As for division, examining the code is rather pointless, as I will need to change the mathematical algorithm to see any substantial benefits. 至于除法，检查代码是没有意义的，因为我需要改变数学算法以看到任何实质性的好处。 The only feasible choice seems to be high-radix division, but I have yet to iron out (in my mind) just how it will work. 唯一可行的选择似乎是高基数除法，但我还没有解决（在我看来）它是如何工作的。

Answer 1

I wouldn't worry much about multiplication. 我不会太担心乘法。 What you're doing seems quite efficient. 你正在做什么似乎非常有效。 I didn't really follow the Greek on the Karatsuba Multiplication, but my feeling is that it would be more efficient only with much larger numbers than you're dealing with. 我并没有真正遵循Karatsuba乘法中的希腊语，但我的感觉是，只有比你处理的数字更大的数字才会更有效率。

One suggestion I do have is to try to use the smallest blocks of inline assembly, rather than coding your logic in assembly. 我的一个建议是尝试使用最小的内联汇编块，而不是在汇编中编写逻辑。 You could write a function: 你可以写一个函数：

struct div_result { u_int x[2]; };
static inline void mul_add(int a, int b, struct div_result *res);

The function would be implemented in inline assembly, and you'll call it from C++ code. 该函数将在内联汇编中实现，您将从C ++代码中调用它。 It should be as efficient as pure assembly, and much easier to code. 它应该像纯组件一样高效，并且更容易编码。

About division, I don't know. 关于师，我不知道。 Most algorithms I saw talk about asymptotic efficiency, which may mean they're efficient only for very high numbers of bits. 我看到的大多数算法都谈到了渐近效率，这可能意味着它们仅对非常高的位数有效。

Answer 2

Do I understand your data correctly that you are running your test on a 1.8 GHz machine and the "u" in your timings are processor cycles? 我是否正确了解您在1.8 GHz计算机上运行测试的数据，并且您的计时中的“u”是处理器周期？

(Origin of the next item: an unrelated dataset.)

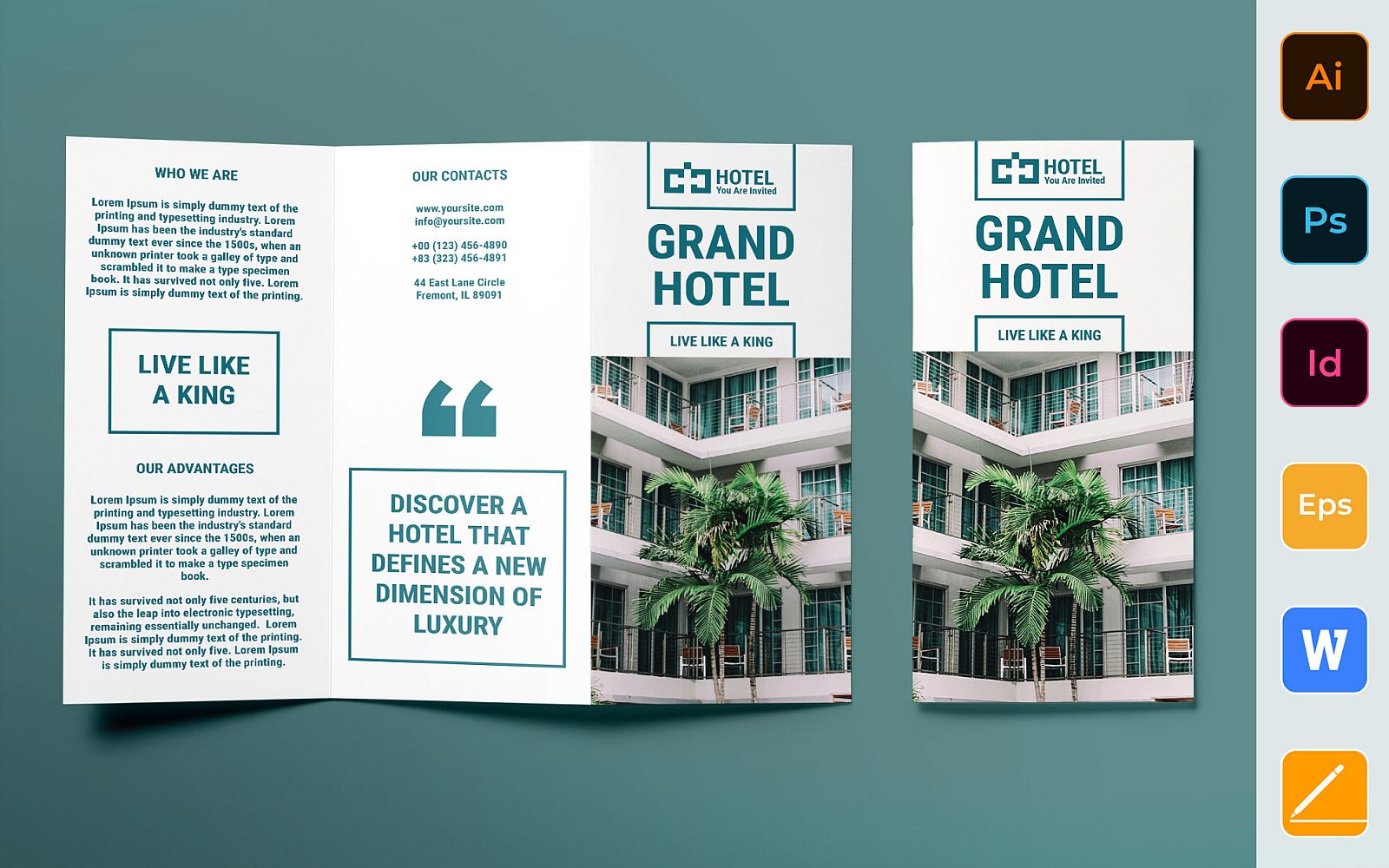 Download Фирменный стиль "Hotel Brochure Trifold - Corporate Identity Template" / Hotel Brochure Trifold - Corporate Identity Template - Фирменный стиль на тему графика brochure,trifold,template,corporate,company,branding,hotel,vacation,travel,resort,tourism,booking,white,green,pastel

If so, 546 cycles for 10 32x32 bit MULs seem a bit slow to me. 如果是这样，10个32x32位MUL的546个周期对我来说似乎有点慢。 I have my own brand of bignums here on a 2GHz Core2 Duo and a 128x128=256 bit MUL runs in about 150 cycles (I do all 16 small MULs), ie about 6 times faster. 我在2GHz Core2 Duo上拥有自己的品牌bignums，在大约150个周期内运行128x128 = 256位MUL（我做了所有16个小型MUL），即大约快6倍。 But that could be simply a faster CPU. 但这可能只是一个更快的CPU。

Make sure you unroll the loops to save that overhead. 确保您展开循环以节省开销。 Do as little register saving as is needed. 尽可能少注册保存。 Maybe it helps if you post the ASM code here, so we can review it. 如果您在此处发布ASM代码可能会有所帮助，因此我们可以对其进行审核。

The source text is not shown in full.